At issue is a 2011 DOJ Office of Legal Counsel opinion on the Wire Act. Under the interpretation, online sports betting was deemed to fall afoul of federal law, while other forms of online gaming were declared not to violate the law, giving states the option to pursue non-sports online gaming if they so choose.

Since that decision, Nevada, Delaware, New Jersey and Pennsylvania have passed state laws legalizing and regulating forms of online gambling. In 2017, New Jersey signed onto a Multi-State Internet Gaming Agreement allowing individuals in the state to play poker at the same virtual table as those in Nevada and Delaware, which first joined the online gaming ranks in 2014.

Titus’ letter came in response to a letter from Sens.
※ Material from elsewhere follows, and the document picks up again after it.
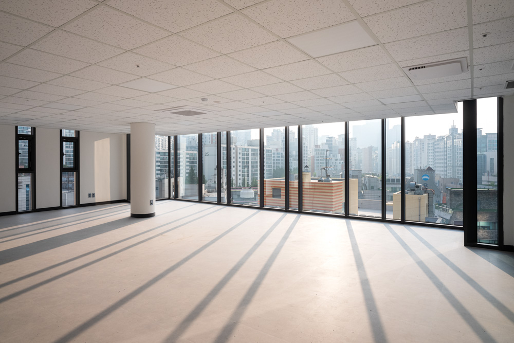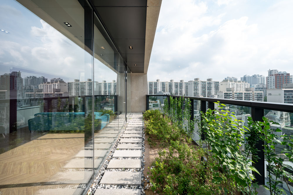 이 녹색공간은 옥상으로도 이어진다. 최상층에 만들어진 녹색공간은 건축주의 개인 업무공간으로 사용될 예정인데, 가능한 별도의 대지에 세워진 독립된 건물처럼 보인다. 11층 엘리베이터에서 내리면 계단실 왼쪽 끝의 세로로 긴 창을 통해 바깥 풍경이 힐끗 보인다. 오른쪽으로 돌아 문을 열면 외부의 작은 바깥 공간으로 이어진다. 분리된 별도의 공간으로 들어가는 느낌을 받을 수 있다. 다시 앞의 현관문을 열면 복도를 통해 주 공간으로 진입할 수 있는데 복도는 외부 정원과 연결되어 폴딩도어와 툇마루가 작은 정원의 분위기를 조성한다. 복도를 지나 주 공간으로 들어서면 전면이 개방된 창호를 통해 도시의 풍경이 한눈에 들어온다. 그 앞에는 발코니를 겸하는 작은 정원이 만들어져 있다. 건물이 땅을 차지해 사라진 자연공간을 옥상의 정원으로 되살리자는 의도로 최상층은 ‘ㄷ’자 형태로 정원이 둘러싸고 있다.

Lindsey Graham, a Republican from South Carolina, and Dianne Feinstein a Democrat from California—both veteran members of the Senate Finance Committee—in which they called on Rosenstein to reverse course with respect to online gaming. Some members of the New Jersey delegation sent a letter to Rosenstein in January similar to Titus’s.

In her letter, the Nevada Democrat argued that Graham and Feinstein were exaggerating the effects of online gaming on children.

“The Graham-Feinstein letter uses fear tactics and hyperbolic language to emphasize their distaste for online gaming,” Titus wrote. “While they claim ‘online gaming preys on children,’ in Nevada there are effective technological safeguards in place to verify age and location, and regulators can impose additional requirements to further mitigate the risk of play by minors.”

According to Titus’s office, there is a concern among “major gaming interests” in Nevada about the future of the 2011 DOJ opinion because of possible changes by President Donald Trump’s administration.

Specifically, the gaming industry is concerned about Rosenstein, who oversees gaming issues since Attorney General Jeff Sessions recused himself. Sessions’ recusal occurred because he hired a lawyer during his confirmation process who had ties to online-gambling opponent Sheldon Adelson.  

Gaming supporters were heartened by Sessions’ recusal because he appeared to support reversing the 2011 opinion, but now they are concerned about Rosenstein, who has a history of cracking down on online gaming. When he was U.S. Attorney for Maryland, Rosenstein indicted Bodog.com in 2012 for illegal sports gambling and money laundering.